I don’t believe it’s unnecessary, nor do I doubt my own personal need for the sacrament. And it’s certainly not because I haven’t sinned or done something the church tells me is wrong.

I don’t go because I’m not really sorry.

I DO feel guilty that I’m not sorry, though.

Maybe I should go and confess that. I suppose it’s a start.

Part of my spiritual practice includes being willing to be willing. This is particularly helpful when I am just not quite ready to let go of an outcome or a behavior or a relationship I know deep in my heart is not serving God. I’m rarely willing to let go immediately. I joke and say there’s not a relationship I’ve had that doesn’t have claw marks in it from when God wrenched it from my tiny, clenched fists of rage. I may not be willing, but I can ask God to help me be willing to be willing to let go.

Help me to be willing to seek You in the sacrament of reconciliation.

I have a tool borrowed from the 12-step tradition that helps me with this. It’s called an inventory. There’s no one right way to do it. The 4th step talks about a “fearless and searching moral inventory” while the 10th step talks about a continuous inventory.

There is a wrong way to do it. It doesn’t say “list only your failings.” That is what most of us do when we examine our conscience, isn’t it? Today’s first reading encourages me to see myself the way God sees me – with justice. He doesn’t overlook the love just because I have sometimes failed to love. He doesn’t overlook my service to others just because there are times I’ve neglected to serve.

Truth be told, I’m afraid to look at why I’m not sorry for some of my willful disobedience. I just don’t want to go there. I don’t want to go there alone, and I don’t want to go there with God.
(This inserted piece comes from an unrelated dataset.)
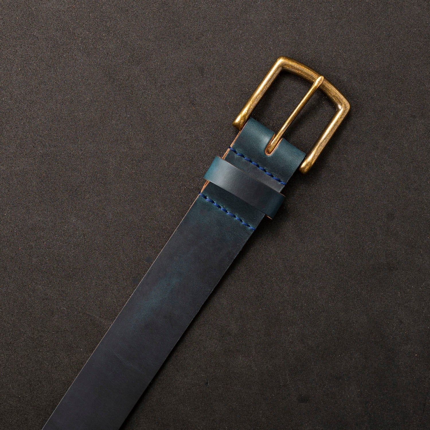 Sizing: Order 2" larger than your jean size. Worn casually or hard at work, Ashland's Horween Leather Belt is the most comfortable, durable and long-lasting belt you'll ever own. A single layer of 1.5" wide Horween leather, accented with simple, tasteful detailing like seven tear-drop adjustment holes, a solid brass buckle, double-stitched and coated with resin to stay strong and comfortable forever.

What I’ve learned is that God will take me there whether or not I want to go. It’s up to me whether I open my eyes or keep them shut. What am I missing if I keep them shut? I miss seeing my virtues when I shut my eyes to my vices, and seeing my virtues is what fills my heart with healthy esteem for myself. Without taking that fearless searching inventory of myself with a just God who sees it all, I’m dooming myself to a life of low self-esteem and a bottomless black hole in my soul, and an ever-widening gap between myself and the God I profess to love and serve.

Well, if that’s not motivation, I don’t know what else is.

The Gospel reading today also touches on this idea of being judged – not by God, but by our peers, or people in authority. The Pharisees criticized Jesus and his disciples because they were picking heads of wheat in the field they were walking through on -GASP – the Sabbath. Was it breaking the church rule? Technically, yes. Was it a sin? Well, Jesus doesn’t actually answer that question. He merely tells a story about old King David and states, “The sabbath was made for man, not man for the sabbath.” We can extrapolate and say the same of any of the commandments, can’t we? After all, God created humanity in Genesis, and it’s not until the books of Exodus and Deuteronomy that we get Ten Commandments and all the other Hebrew laws.

I’m not saying that we start calling them “the ten suggestions.” I’m not saying that the church doesn’t have the authority to say what is right or wrong. That would be justifying harmful behaviors that those commandments address directly. What I am saying is that sharing my struggles with Jesus may yield some surprising answers. But I won’t get those answers unless I invite Him into my fearful heart.